Analysis of Variance – An inferential statistical procedure used to test whether or not the means of two or more sets of data are equal to each other.

 

“Maybe I am insane,” muttered Sergio. The money bunched in his pocket, and he kept a protective hand over it to prevent any cash escaping. He grabbed his coat off the hat rack and, stopping, walked back to the desk to pick up the phone.  The dial tone buzzed as the catch released. “Odd that the phone starts working the moment Blaze leaves,” he muttered. His fingers rubbed gently against the riches.
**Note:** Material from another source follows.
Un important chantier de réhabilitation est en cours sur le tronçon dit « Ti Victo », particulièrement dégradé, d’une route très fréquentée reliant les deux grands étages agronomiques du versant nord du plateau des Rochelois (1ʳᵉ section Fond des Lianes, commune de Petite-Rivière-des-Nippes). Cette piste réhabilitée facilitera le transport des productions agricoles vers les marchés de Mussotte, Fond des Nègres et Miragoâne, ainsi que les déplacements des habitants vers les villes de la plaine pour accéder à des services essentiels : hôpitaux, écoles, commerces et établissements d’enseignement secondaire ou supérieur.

At least he was 90% sure the money was real.

He passed the empty receptionist desk on his way out. The door handle had to be unlocked before getting back outside. The secure door lent credence to Blaze’s breaking and entering story and Sergio found it disturbing.  “Unless a secretary had let him in, then left, locking the door behind her,” he reasoned. Perhaps an upgraded security system would be a valuable suggestion for the practice.

Cold, night air blasted down his neck. Sergio flipped up the collar of his long brown trench coat. Sergio’s fingers fiddled again with the paper in his pocket. Dark clouds overhead clustered, making the early evening dull. He picked up his pace and turned left, toward Brook Street. He made an immediate turn through the first narrow alley and turned near an adjoining alley. Again he made a fast turn at the second exit from the alley putting him on North Junction Road. He waited a moment in the shadow for anything to move. A warm night air blew bits of garbage around the gutters. The clustered roads at this side of town made escape from anyone tailing him easy.
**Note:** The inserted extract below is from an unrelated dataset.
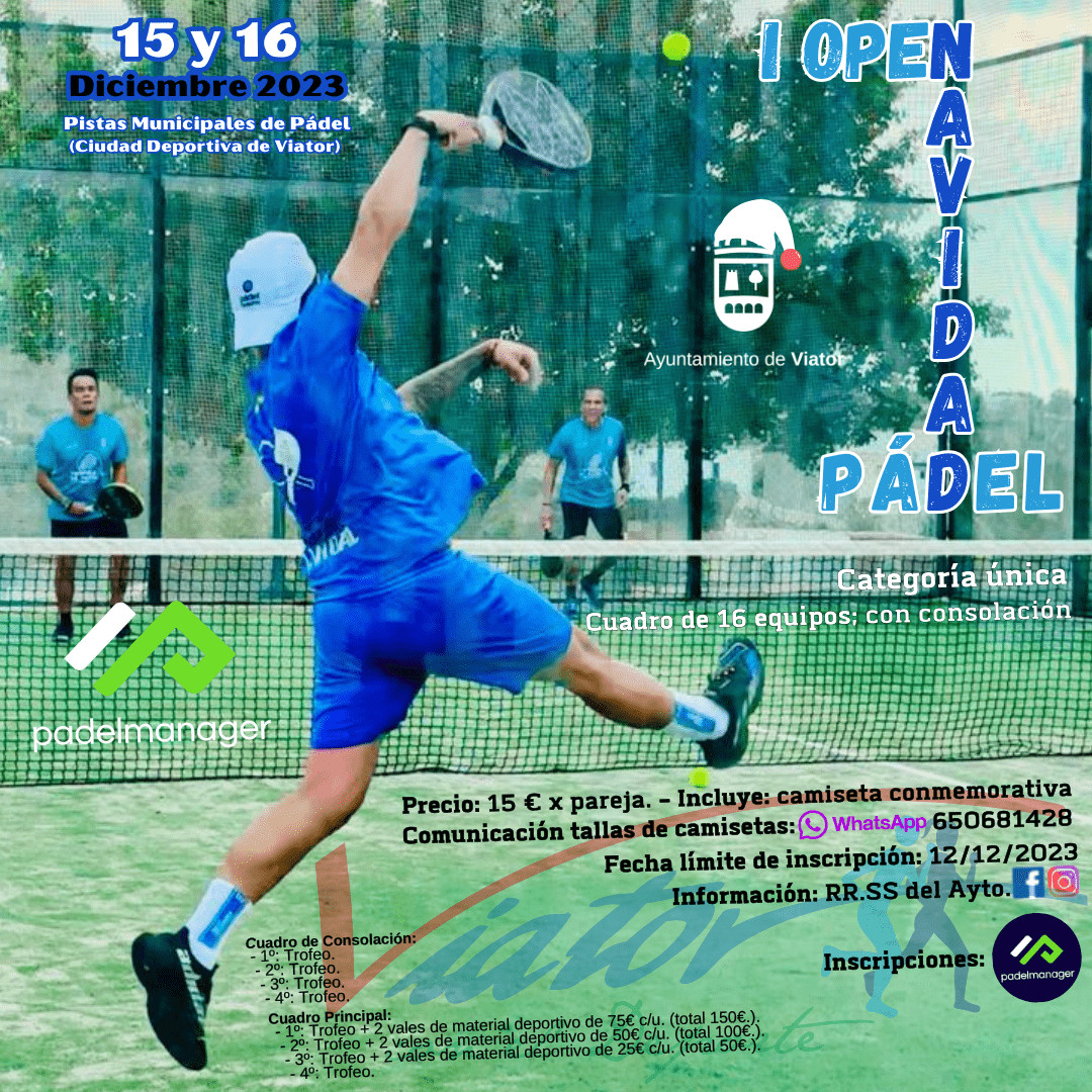 Bienvenid@s a las Pistas Municipales de Pádel del Ayuntamiento de Viator, nos encontramos en la Ciudad Deportiva de Viator (Avda. de La Selección Española de Fútbol 2010, s/n. 04240) Tlf. 950 306462 - e-mail: cdv2010@ayuntamientoviator.es Horario de Apertura: De Lunes a Sábados de 10:00h. a 14:00h. y de 16:00h. a 23:00h. Domingos y Festivos de 10:00h. a 14:00h. 3 Pistas de Padel. 20x10m2. c/u. - Cierre perimetral de Cristal y acero galvanizado. - Iluminación mediante proyectores. - Vestuarios. - Aseos. - Sala de Curas, Botiquín. Objetivos: • Promoción del deporte del pádel en nuestro municipio y contribuir a un mayor interés de la sociedad de este deporte; Ofreciendo un lugar de encuentro para los amantes de este deporte, facilitando el intercambio humano y deportivo. • Actividad formativa, lúdica, activa y participativa que son los términos que en mayor medida resumen el espíritu que este ayuntamiento a través de su área de deportes promueve la actividad física. • Con la organización de torneos, garantizamos la práctica de este deporte, desarrollando las cualidades físicas: resistencia, fuerza, velocidad, cualidades coordinativas y movilidad articular, así como el conocimiento de los fundamentos de la técnica del pádel. • Difusión de la cultura deportiva y los valores asociados a la igualdad, respeto, sacrificio, superación, solidaridad…

He was paranoid he knew, but vigilance was a smart idea whenever coming to this side of town. He stayed alert for uniformed police, and anyone else that might follow him. Gangs and thugs often made agreements in this part of town, usually by whoever had the bigger fists. These streets were painted maroon at times, compliments of the losing team. All he wanted was to leave as soon as possible.

The first time he had come the narrow space between the apartment buildings had taken near twenty minutes to find. He hated going in. Inside the space there was only one way out, the way he had entered. He went to the dark end of the alley, and sat on a splintered apple crate.

He sat watching out of his hideaway toward the night lamps. A few shadows passed and once a car zoomed by with the radio blasting. A noise at the entrance of the alley made him tense. Perhaps the sound of a can knocking across the concrete, he thought. In one of the apartment rooms above, with windows facing the alley wall, someone turned on a light. The spare light illuminated almost nothing except the opposite wall.

Sergio squinted toward the darkness trying to push his sight past the limit. A white flash jumped from one wall to the other passing for an instant just on the edge of the illuminated section. Sergio stumbled and fell to one side sending his crate careening into a dark corner. The wood crashed and groaned. A glass bottle in the corner clinked and rolled away.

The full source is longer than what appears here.